Somatic cell selection with thaxtomin A as a positive selection agent was used to isolate variants of potato cv. Russet Burbank with strong to extreme resistance to common scab. Glasshouse and field trials identified 51 variants with significantly reduced disease incidence (frequency of infected tubers) and severity (tuber lesion coverage) compared with the parent cultivar. The most promising variants exhibited extreme disease resistance, rarely showing lesions, which were invariably superficial and shallower than those on the parent. Resistance traits were consistently expressed both in 10 glasshouse and two field trials at different locations, with varied inoculum and disease pressure.
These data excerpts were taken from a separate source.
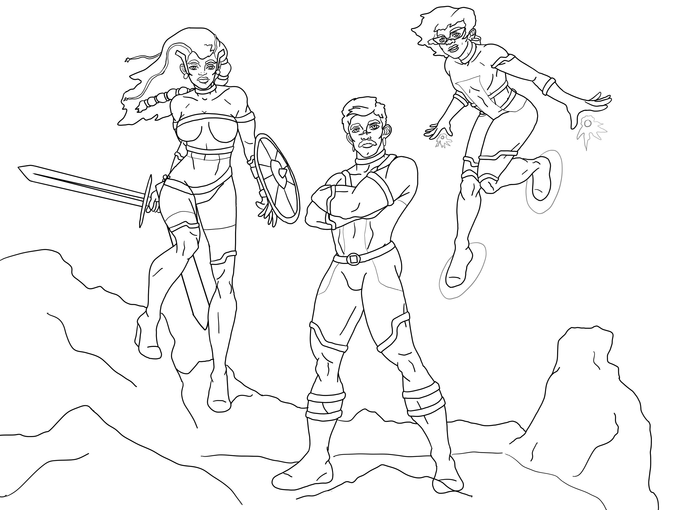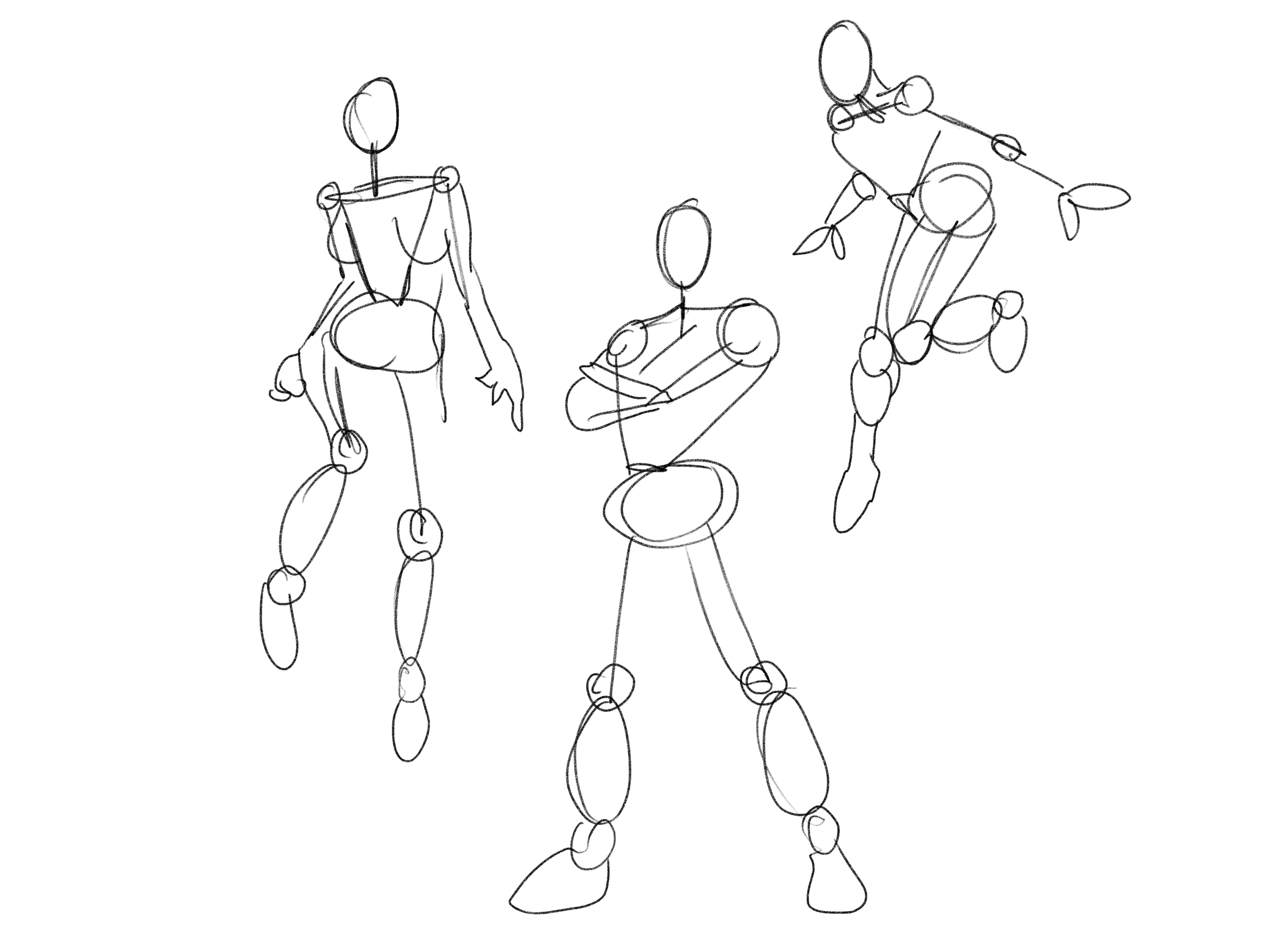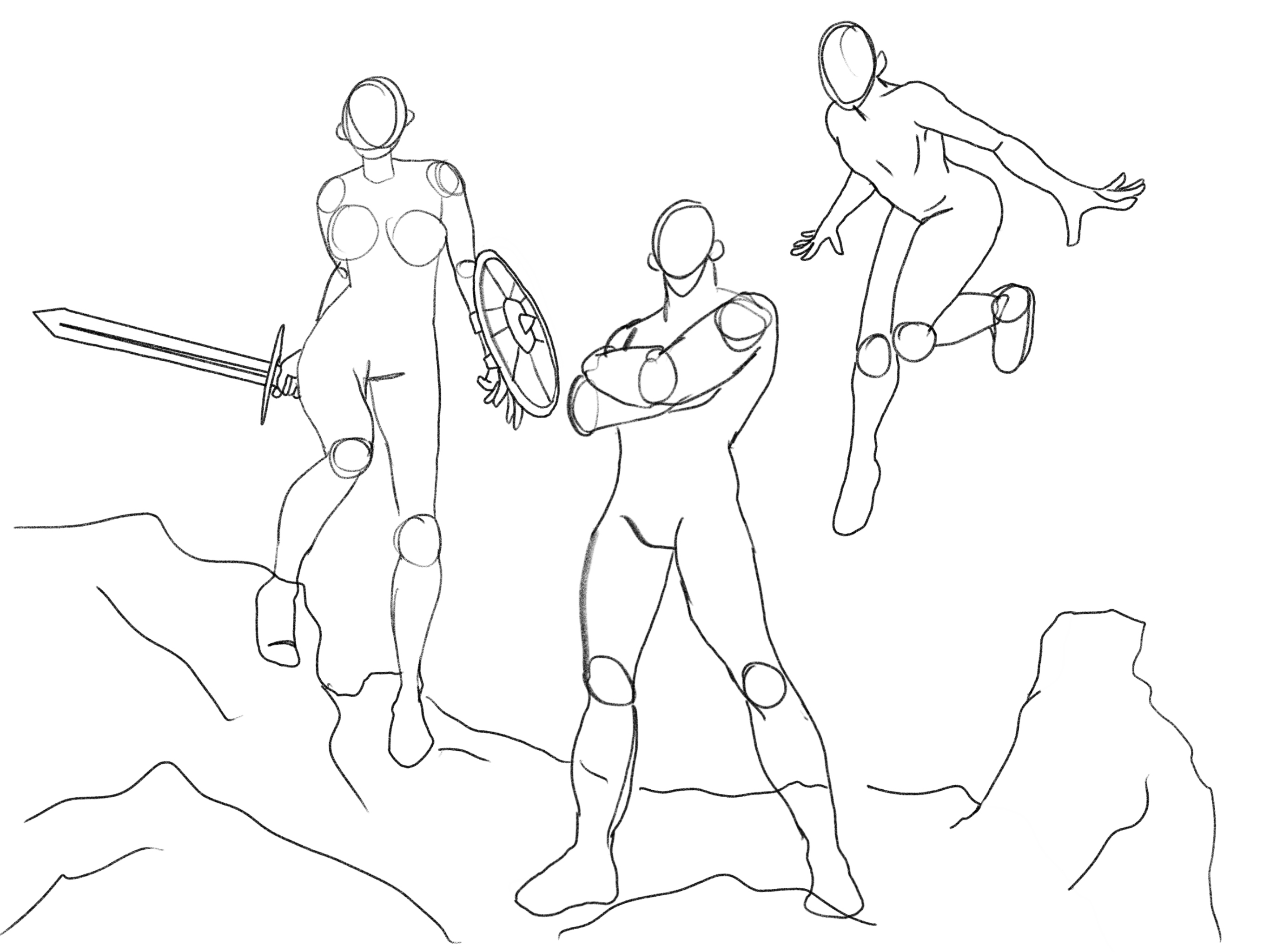 Below I have a step-by-step process of me working on a piece. I usually start a piece by blocking out the figures in a simple stick form, before adding contour lines and then adding limited details.
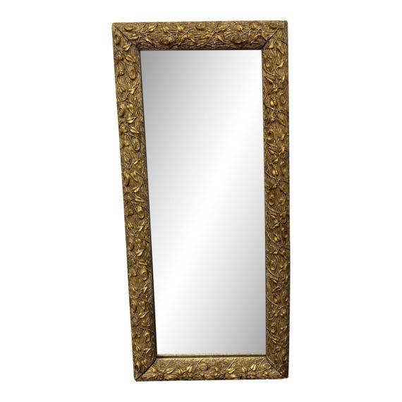 Design Plus Gallery presents the Antique Botanical Frame Gold Finish Mirror. A rectangular mirror is secured in a frame that is finished in gold. All around the frame are botanical accents that give the mirror a natural appeal. Visible corner chipping and minor wear on the corners from use; mirror is in good condition.
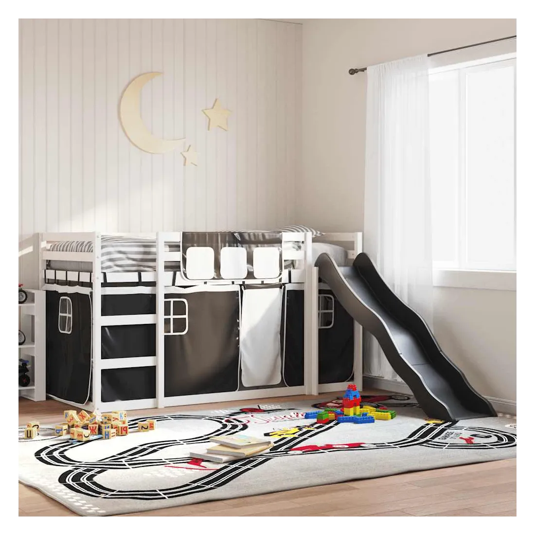Ce lit superposé en bois est élégant et fonctionnel, ce qui en fait un supplément parfait à toute pièce dont l'espace est limité. Bois de pin massif : ce lit superposé est fabriqué en bois de pin massif pour plus de stabilité et de durabilité. Le bois de pin a un grain droit et les nœuds donnent au matériau son aspect rustique caractéristique.Très amusant : vous pouvez combiner les rideaux avec le lit superposé bas pour créer la base secrète de votre enfant, ce qui permet de s’amuser à l’heure du coucher et d’ajouter un point d'intérêt à la chambre à coucher !Barrières de sécurité : le lit supérieur est équipé de garde-corps de sécurité sur les 4 côtés, afin que votre enfant puisse dormir sans craindre de tomber.Échelle et toboggan pratiques : ce lit superposé est doté d'un toboggan amusant qui apporte de la joie et transforme leur chambre en une aire de jeux intérieure. La combinaison d'une échelle d'escalade et d'un toboggan rend l'heure du coucher plus vivante et plus intéressante pour les enfants.Lattes robustes : les lattes de contreplaqué assurent une bonne répartition du poids, garantissant que le matelas reste en place à chaque torsion de votre corps pendant le sommeil. Bon à savoir :Un matelas n'est pas inclus avec ce lit. Nous offrons une sélection variée de matelas. Vous pouvez consulter notre boutique pour trouver un matelas assorti. Attention :Pour éviter qu'il ne bascule, ce produit doit être utilisé avec le dispositif de fixation murale fourni.
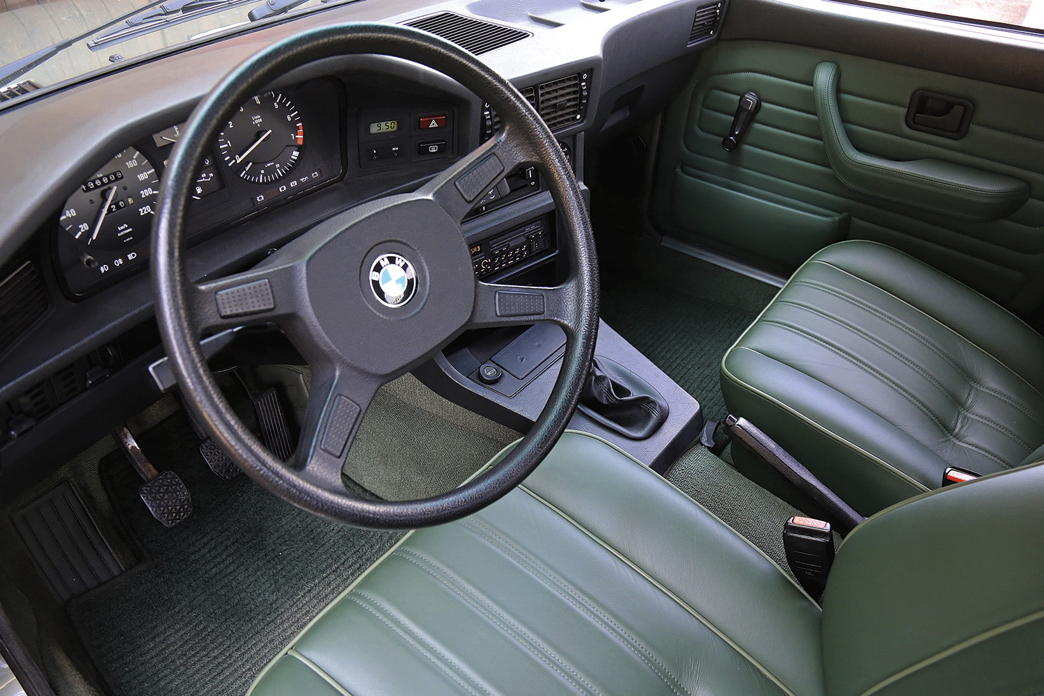 Nach der Leistungssteigerung rückte der Innenraum in den Fokus. Die originale Stoffausstattung war nach mehr als 40 Jahren schlicht verschlissen. 2023 erhielt der 5er deshalb eine komplette Interieur-Kur: Sattlermeister Pawlowski vom „Lederstadl“ in Landsberg am Lech bezog Sitze und Türverkleidungen im Originaldesign neu. Auch ein rissfreies Armaturenbrett konnte organisiert werden, sodass das Interieur wieder wie neu erstrahlt. Die jüngste große Änderung betraf die Räder. Im Frühjahr 2024 bekam der E28 endlich die langersehnten BBS-„RS“-Kreuzspeichen.
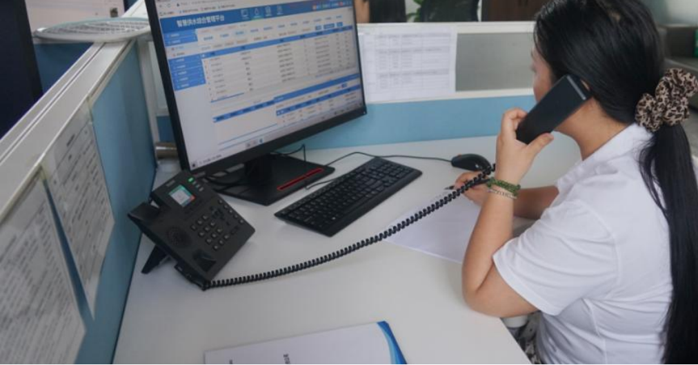 叮鈴鈴,調控中心電話鈴聲響起。三聲內,客服人員劉茜迅速接起:“您好,這里是水管家熱線,請講。”放下電話,劉茜將信息上傳系統并進行分發派單,“用戶反饋家中水壓低,已反饋東新城營業所處理。”
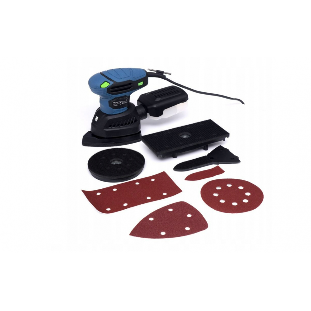 - Wymiana papieru ściernego odbywa się bez narzędziowo, tarcze są mocowane na rzep. W zestawie znajduje się również worek na pył, dzięki czemu praca jest czysta.
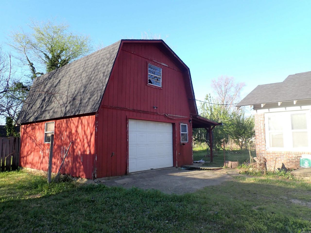 ONE-STORY, Dark RED BRICK HOME with painted white trim (frame), MISSION STYLE from the mid-1930's with front porch -and- a DETACHED, 2-Level, Barn- shaped, GARAGE/SHOP (20' x 22') w/stairway to 'room above'. Plus, this Property has a nice-sized BACK YARD that has been a 'garden area' for years! The interior of this home has 9' tall ceilings, mostly. The floor plan features a LIVING room, DINING room, a big KITCHEN with stainless appliances (NEWER Refrigerator/Freezer, a natural gas Range, & sink, and enclosed back porch with LAUNDRY CONNECTIONS, 3 BEDROOMS and 2 BATHROOMS. The square footage IS JUST RIGHT --- at 1,386 heated/cooled! Gas space heat/window air conditioners. This home has BRAND NEW SHINGLES on the roof! Some repair is needed in different areas of the house (inside and outside). THAT IS WHY THE PRICE IS ONLY $89,500.00. Come and see 'what you think'. New on the market!
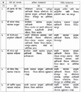 इसके अलावा, अन्य अधिकारियों जैसे उपायुक्त, सहायक आयुक्त, अनुसंधान अधिकारी और सहायक संचालकों को भी अस्थायी रूप से नए पदों पर नियुक्त किया गया है।
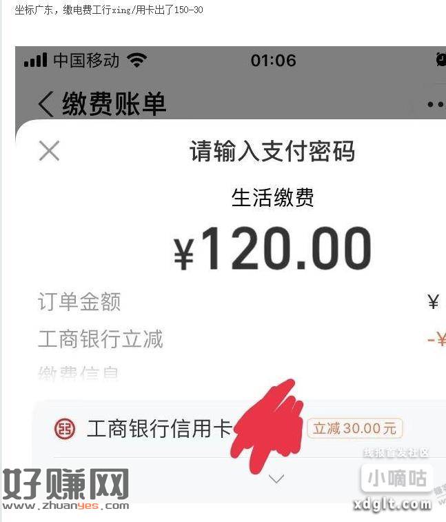 工行xing/用卡支付宝缴电费减30又有了,广东有
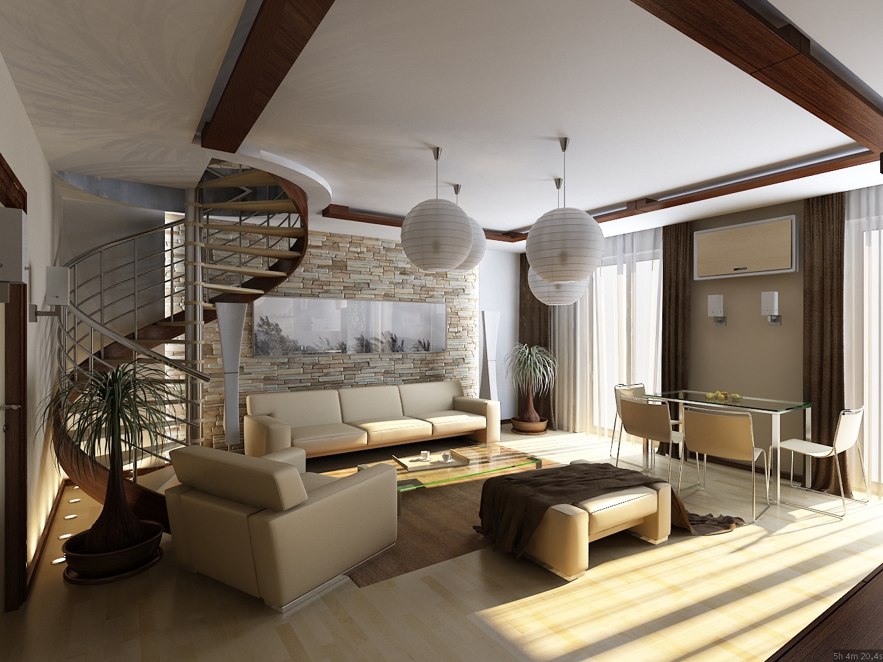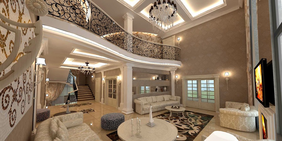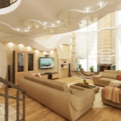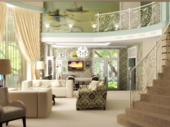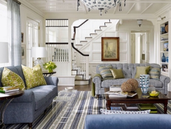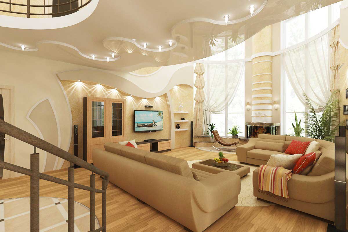 Le salon d'une maison privée est plus spacieux que dans n'importe quel appartement. Par conséquent, travailler sur sa conception est plus intéressant.
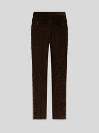 Ribbed cotton velvet trousers embellished by a taped side band and micro floral patterns. PRODUCT DETAILS • 100% cotton • Band: 100% polyester • confort fit • Piped side pockets • Piped rear pocket • Rear pocket with flap • Button and zip with flap fastening • Horn buttons • Unfinished leg bottom 19 cm (7.48 inches) • Made in Italy • The model is 188 cm/74 inches tall and wears size 48
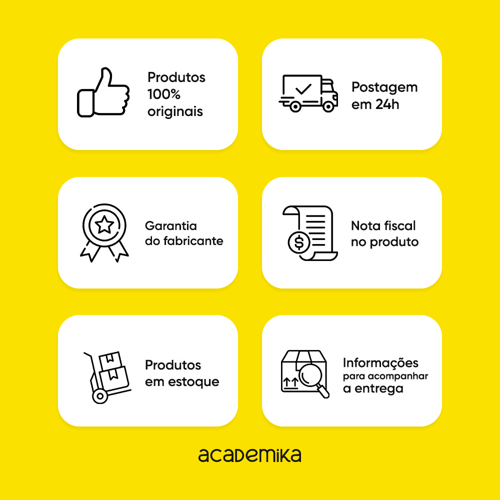 Importante: verifique o tamanho e quantidade de furos corretos, abaixo temos tabela com medidas e furações. Produzido no Brasil pela Academika®, utilizando papel reflorestado de alta qualidade e impresso com tinta ecológica (livre de metais pesados). Tipo do papel: Ivory Gramatura: 90g Quantidade de folhas: 80 Formato/dimensões: Grande - 20 x 27,5 cm (11 furos) Médio - 17x 23 cm (9 furos) Pequeno - 14 x 20 cm (8 furos) Cor do papel/miolo: Marfim Cor da impressão/miolo: Cinza claro Textura do papel/miolo: Levemente texturizada Composição: Celulose Livre de Ácidos: Sim Colado na massa: Sim Validade: Indeterminada Garantia: 90 (noventa) dias contra defeitos de fabricação Conservação: local seco e arejado Imagens meramente ilustrativas. As cores podem variar de acordo com o seu monitor/smartphone. Não recomendado para crianças menores de 3 anos. Em caso de impressão, consulte antes o manual e/ou fabricante da impressora. A embalagem pode variar. Pode haver variação de cor, gramatura e cor de impressão de lote para lote.
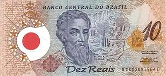 ![]() Detail of an early 20th-century painting by Aurélio de Figueiredo depicting a 32- to 33-year old Cabral. No contemporary portraits of Cabral are known to exist.[1] | |
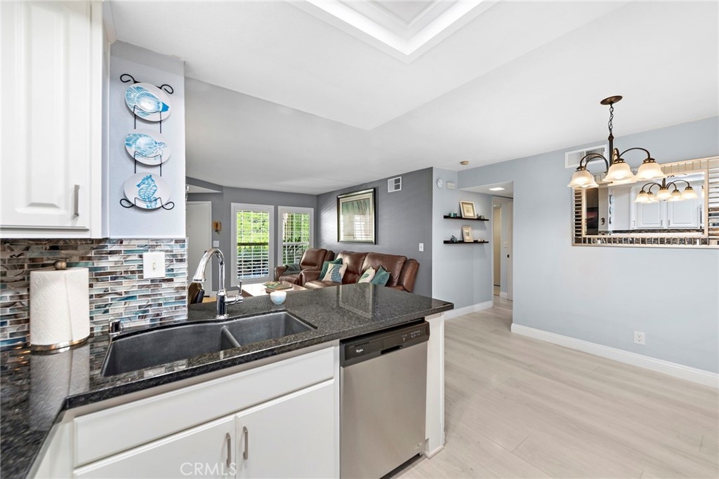 Welcome to your charming retreat nestled in the serene community of Village Niguel Terrace ll, in beautiful Laguna Niguel. This cozy 1-bedroom, 1-bathroom condo spans 685 sqft of beautifully updated living space. Step inside to discover the spacious kitchen adorned with pristine white cabinets, stylish countertops, a complementing backsplash, and enhanced by can lights and fixtures that illuminate the space. The flooring has been thoughtfully upgraded to laminate, offering both durability and aesthetic appeal. Outside, unwind on your own private patio, perfect for enjoying quiet mornings or relaxing evenings. Located in Laguna Niguel, known for its picturesque surroundings and convenient proximity to shops, dining, and outdoor recreation, this residence offers not just a home, but a lifestyle. Don’t miss the opportunity to make this tranquil retreat your own.
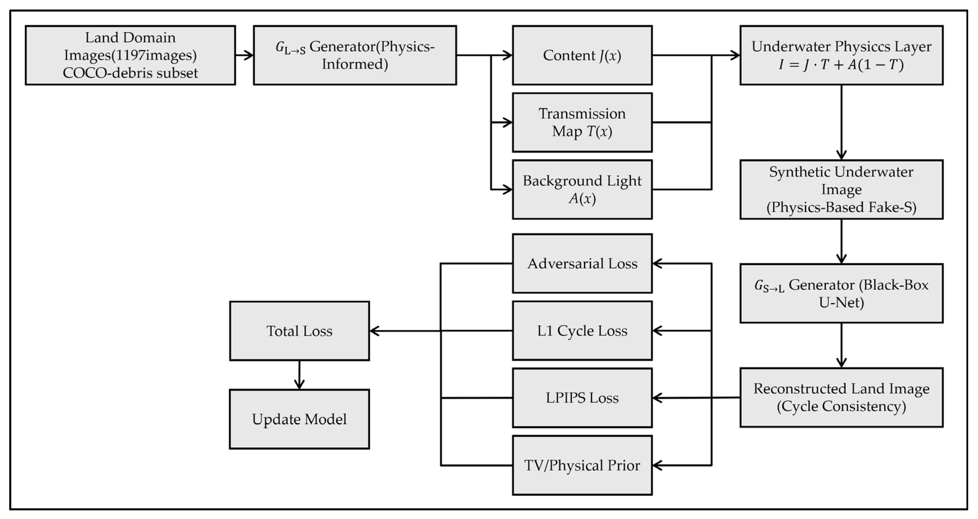 To summarize, existing underwater enhancement models require depth or paired data, standard CycleGAN-type models neglect underwater physics and produce harmful artifacts, and prior synthetic-data works seldom evaluate downstream detection performance. No existing GAN framework explicitly disentangles radiance, turbidity, and ambient light under an underwater formation model. These gaps motivate the development of JTA-GAN, which integrates physics-aware decomposition with stable cycle-consistent training to generate high-fidelity synthetic underwater images for robust object detection.

Disease-resistant variants differed in their response to thaxtomin A in tuber slice bioassays. Of 23 variants tested, 10 showed reduced thaxtomin A susceptibility, with the remaining 13 responding similar to that of the parent. Thus, toxin tolerance was not the only factor responsible for observed disease resistance; however, four of the five most disease-resistant variants had enhanced thaxtomin A tolerance, suggesting that this factor is important in the expression of strong disease resistance. Pathogenicity and toxin tolerance remained stable over a 6-year period, demonstrating that selected phenotypes were robust and genetic changes stable. The majority of disease-resistant variants had tuber yields equivalent to the parent cultivar in glasshouse trials. This suggests that selection for disease resistance was not associated with negative tuber attributes and that certain variants may have commercial merit, worthy of further agronomic testing.

Additional keywords:host resistance, potato, Solanum tuberosum, Streptomyces scabiei.